Those columns are `doggo, floofer, pupper, puppo`

In [None]:
twitter_df.head(3).T

#### Define
Melt the dog stage columns into a column which name will be `stage` and which value will be the stage of the dog or NaN depending on weither the stage is known or not.

#### Code

In [None]:
id_vars = twitter_df.columns.tolist()
id_vars.remove("doggo")
id_vars.remove("floofer")
id_vars.remove("pupper")
id_vars.remove("puppo")
id_vars

In [None]:
melted = pd.melt(twitter_df, id_vars=id_vars, var_name="stage", value_name="stage_value")
melted.head(3).T

Looking at our dataframe, we don't need the `stage_value` column, so will drop it in a while after performing some tidiness cleaning.

In [None]:
melted.shape

In [None]:
# twitter_df.shape

**Analyzing the content of `melted` based on weither the stage of the dog is known or not**

In [None]:
# Visual assessement of the tweet which id is 892420643555336193 (this tweet dog stage is unknow)
melted[ melted["tweet_id"]==892420643555336193 ].T

We have 04 entries for the same tweet_id, each corresponding to one of the 04 melted columns. 

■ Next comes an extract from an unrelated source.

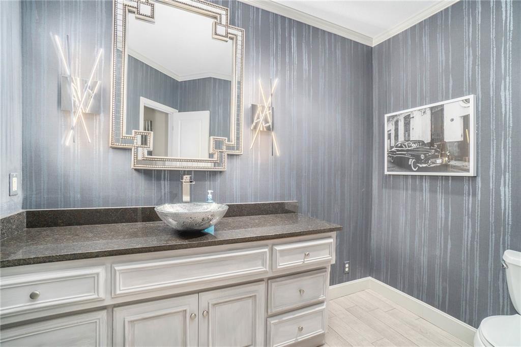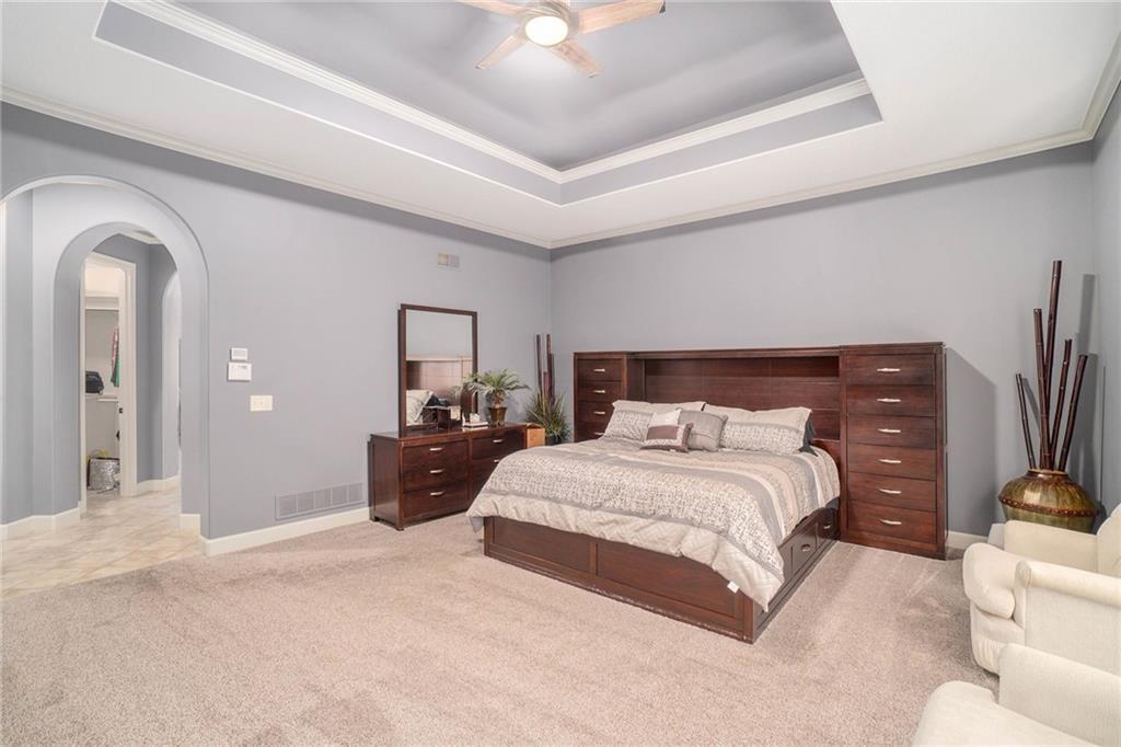 This magnificent Reverse 1.5 Story in Tremont Manor sits on a desirable corner lot backing to lush, mature trees, offering both privacy and curb appeal. Thoughtfully updated throughout, the home features soaring ceilings, beautiful built-ins, and an open, airy floor plan designed for comfortable living and effortless entertaining. The kitchen showcases hardwood floors, a generous island, and abundant cabinetry, flowing seamlessly into the main living spaces. The spacious primary suite is a true retreat with dual vanities, custom built-ins, a walk-in shower, and a separate whirlpool tub. A well-appointed main-level office is filled with natural light, making it ideal for working from home. The finished lower level is perfect for entertaining, complete with a full bar, game area, and expansive family room. The impressive 19x22 suspended garage provides exceptional storage and features a convenient double-door exterior entrance. Step outside to enjoy the peaceful backyard from the covered deck or patio. Recent updates include a newer roof, updated interior and exterior paint, refreshed landscaping, updated light fixtures, flooring, and more. A truly exceptional home—this one is a must-see!

Let's separate `melted` in two different dataframes for a better observation 

In [None]:
# Retrieve the tweets with known dog stage
tweets_with_stage_df = melted[ melted["stage_value"] !="None" ]
tweets_with_stage_df.head(3).T

In [None]:
# Visual assessement of a tweet with known dog stage
tweets_with_stage_df[ tweets_with_stage_df["tweet_id"]==890240255349198849 ].T

We can confirm that there is only one entry for the tweets when dog stage is known. 

In [None]:
# Retrieve the tweets with unknown dog stage
tweets_without_stage_df = melted[ melted["stage_value"] =="None" ]
tweets_without_stage_df.head(3).T

In [None]:
# Visual assessement of a tweet with unknown dog stage
tweets_without_stage_df[ tweets_without_stage_df["tweet_id"]==892420643555336193 ].T

We can observe that there is 04 entries (same number as the number of columns melted) for the tweets when dog stage is unknown.

Now we will :
* replace the values in `tweets_without_stage_df["stage"]` by "others"
* concatenate `tweets_without_stage_df` to `tweets_with_stage_df`

In [None]:
# Giving a value to stage column in tweets_without_stage_df (NaN wasn't used in order to have these values ploted on chart)
tweets_without_stage_df["stage"] =  "others" # np.nan
tweets_without_stage_df.head(2).T

In [None]:
tweets_without_stage_df.shape

In [None]:
# Drop duplicate value by tweet_id in tweets_without_stage_df
tweets_without_stage_df.drop_duplicates(subset="tweet_id",inplace=True)
tweets_without_stage_df.shape

In [None]:
# Concat tweets_without_stage_df and tweets_with_stage_df, in order to form a whole again
twitter_clean = pd.concat([tweets_with_stage_df,tweets_without_stage_df], axis=0, ignore_index=True)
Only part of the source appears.